RECORDS PROVIDED -
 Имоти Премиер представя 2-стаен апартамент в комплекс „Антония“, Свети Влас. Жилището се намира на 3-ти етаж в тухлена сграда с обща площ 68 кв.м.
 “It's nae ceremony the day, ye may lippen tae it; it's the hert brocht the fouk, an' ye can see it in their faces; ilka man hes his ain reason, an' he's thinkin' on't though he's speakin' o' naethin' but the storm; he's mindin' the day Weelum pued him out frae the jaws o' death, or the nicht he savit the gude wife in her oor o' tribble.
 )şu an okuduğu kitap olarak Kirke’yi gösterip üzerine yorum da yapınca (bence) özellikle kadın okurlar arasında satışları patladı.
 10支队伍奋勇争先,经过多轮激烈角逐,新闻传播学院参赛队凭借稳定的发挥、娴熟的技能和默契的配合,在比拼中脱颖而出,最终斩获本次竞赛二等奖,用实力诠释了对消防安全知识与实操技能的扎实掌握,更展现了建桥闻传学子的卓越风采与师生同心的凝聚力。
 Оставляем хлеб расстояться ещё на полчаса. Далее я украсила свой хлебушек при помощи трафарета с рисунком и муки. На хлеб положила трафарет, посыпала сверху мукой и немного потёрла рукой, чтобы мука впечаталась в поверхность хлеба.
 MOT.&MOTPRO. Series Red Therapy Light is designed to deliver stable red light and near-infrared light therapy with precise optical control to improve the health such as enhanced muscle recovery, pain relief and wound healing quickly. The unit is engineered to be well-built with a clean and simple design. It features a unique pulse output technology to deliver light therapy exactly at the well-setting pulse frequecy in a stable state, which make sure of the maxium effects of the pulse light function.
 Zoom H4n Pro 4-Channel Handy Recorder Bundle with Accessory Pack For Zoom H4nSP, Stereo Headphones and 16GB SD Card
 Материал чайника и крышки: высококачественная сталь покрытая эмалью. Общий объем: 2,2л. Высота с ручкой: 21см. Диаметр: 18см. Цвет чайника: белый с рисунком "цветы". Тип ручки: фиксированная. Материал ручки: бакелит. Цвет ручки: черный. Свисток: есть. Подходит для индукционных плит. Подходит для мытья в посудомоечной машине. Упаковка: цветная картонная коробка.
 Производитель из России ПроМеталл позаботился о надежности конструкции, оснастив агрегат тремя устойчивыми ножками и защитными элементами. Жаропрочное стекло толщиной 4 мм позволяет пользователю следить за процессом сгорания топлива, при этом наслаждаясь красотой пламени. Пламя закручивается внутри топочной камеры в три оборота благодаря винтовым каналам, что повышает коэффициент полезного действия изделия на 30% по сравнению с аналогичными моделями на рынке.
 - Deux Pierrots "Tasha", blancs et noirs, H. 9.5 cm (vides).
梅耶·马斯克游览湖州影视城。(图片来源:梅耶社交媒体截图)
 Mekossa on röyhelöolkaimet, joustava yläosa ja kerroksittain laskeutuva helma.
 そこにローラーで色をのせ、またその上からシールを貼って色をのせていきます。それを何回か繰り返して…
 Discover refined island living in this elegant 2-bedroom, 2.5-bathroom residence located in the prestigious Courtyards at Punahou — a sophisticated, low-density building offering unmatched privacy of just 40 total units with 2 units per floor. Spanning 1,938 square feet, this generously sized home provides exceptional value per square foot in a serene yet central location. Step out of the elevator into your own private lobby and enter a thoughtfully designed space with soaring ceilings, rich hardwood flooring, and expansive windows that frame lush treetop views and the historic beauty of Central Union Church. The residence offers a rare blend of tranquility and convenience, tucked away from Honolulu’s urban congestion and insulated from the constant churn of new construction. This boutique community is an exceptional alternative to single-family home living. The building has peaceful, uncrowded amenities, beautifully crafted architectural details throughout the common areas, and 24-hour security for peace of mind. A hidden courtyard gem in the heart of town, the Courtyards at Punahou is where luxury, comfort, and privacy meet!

TASK DESCRIPTION - What is needed is an exact restatement of every record above.

SOLUTION -
 Имоти Премиер представя 2-стаен апартамент в комплекс „Антония“, Свети Влас. Жилището се намира на 3-ти етаж в тухлена сграда с обща площ 68 кв.м.
 “It's nae ceremony the day, ye may lippen tae it; it's the hert brocht the fouk, an' ye can see it in their faces; ilka man hes his ain reason, an' he's thinkin' on't though he's speakin' o' naethin' but the storm; he's mindin' the day Weelum pued him out frae the jaws o' death, or the nicht he savit the gude wife in her oor o' tribble.
 )şu an okuduğu kitap olarak Kirke’yi gösterip üzerine yorum da yapınca (bence) özellikle kadın okurlar arasında satışları patladı.
 10支队伍奋勇争先,经过多轮激烈角逐,新闻传播学院参赛队凭借稳定的发挥、娴熟的技能和默契的配合,在比拼中脱颖而出,最终斩获本次竞赛二等奖,用实力诠释了对消防安全知识与实操技能的扎实掌握,更展现了建桥闻传学子的卓越风采与师生同心的凝聚力。
 Оставляем хлеб расстояться ещё на полчаса. Далее я украсила свой хлебушек при помощи трафарета с рисунком и муки. На хлеб положила трафарет, посыпала сверху мукой и немного потёрла рукой, чтобы мука впечаталась в поверхность хлеба.
 MOT.&MOTPRO. Series Red Therapy Light is designed to deliver stable red light and near-infrared light therapy with precise optical control to improve the health such as enhanced muscle recovery, pain relief and wound healing quickly. The unit is engineered to be well-built with a clean and simple design. It features a unique pulse output technology to deliver light therapy exactly at the well-setting pulse frequecy in a stable state, which make sure of the maxium effects of the pulse light function.
 Zoom H4n Pro 4-Channel Handy Recorder Bundle with Accessory Pack For Zoom H4nSP, Stereo Headphones and 16GB SD Card
 Материал чайника и крышки: высококачественная сталь покрытая эмалью. Общий объем: 2,2л. Высота с ручкой: 21см. Диаметр: 18см. Цвет чайника: белый с рисунком "цветы". Тип ручки: фиксированная. Материал ручки: бакелит. Цвет ручки: черный. Свисток: есть. Подходит для индукционных плит. Подходит для мытья в посудомоечной машине. Упаковка: цветная картонная коробка.
 Производитель из России ПроМеталл позаботился о надежности конструкции, оснастив агрегат тремя устойчивыми ножками и защитными элементами. Жаропрочное стекло толщиной 4 мм позволяет пользователю следить за процессом сгорания топлива, при этом наслаждаясь красотой пламени. Пламя закручивается внутри топочной камеры в три оборота благодаря винтовым каналам, что повышает коэффициент полезного действия изделия на 30% по сравнению с аналогичными моделями на рынке.
 - Deux Pierrots "Tasha", blancs et noirs, H. 9.5 cm (vides).
梅耶·马斯克游览湖州影视城。(图片来源:梅耶社交媒体截图)
 Mekossa on röyhelöolkaimet, joustava yläosa ja kerroksittain laskeutuva helma.
 そこにローラーで色をのせ、またその上からシールを貼って色をのせていきます。それを何回か繰り返して…
 Discover refined island living in this elegant 2-bedroom, 2.5-bathroom residence located in the prestigious Courtyards at Punahou — a sophisticated, low-density building offering unmatched privacy of just 40 total units with 2 units per floor. Spanning 1,938 square feet, this generously sized home provides exceptional value per square foot in a serene yet central location. Step out of the elevator into your own private lobby and enter a thoughtfully designed space with soaring ceilings, rich hardwood flooring, and expansive windows that frame lush treetop views and the historic beauty of Central Union Church. The residence offers a rare blend of tranquility and convenience, tucked away from Honolulu’s urban congestion and insulated from the constant churn of new construction. This boutique community is an exceptional alternative to single-family home living. The building has peaceful, uncrowded amenities, beautifully crafted architectural details throughout the common areas, and 24-hour security for peace of mind. A hidden courtyard gem in the heart of town, the Courtyards at Punahou is where luxury, comfort, and privacy meet!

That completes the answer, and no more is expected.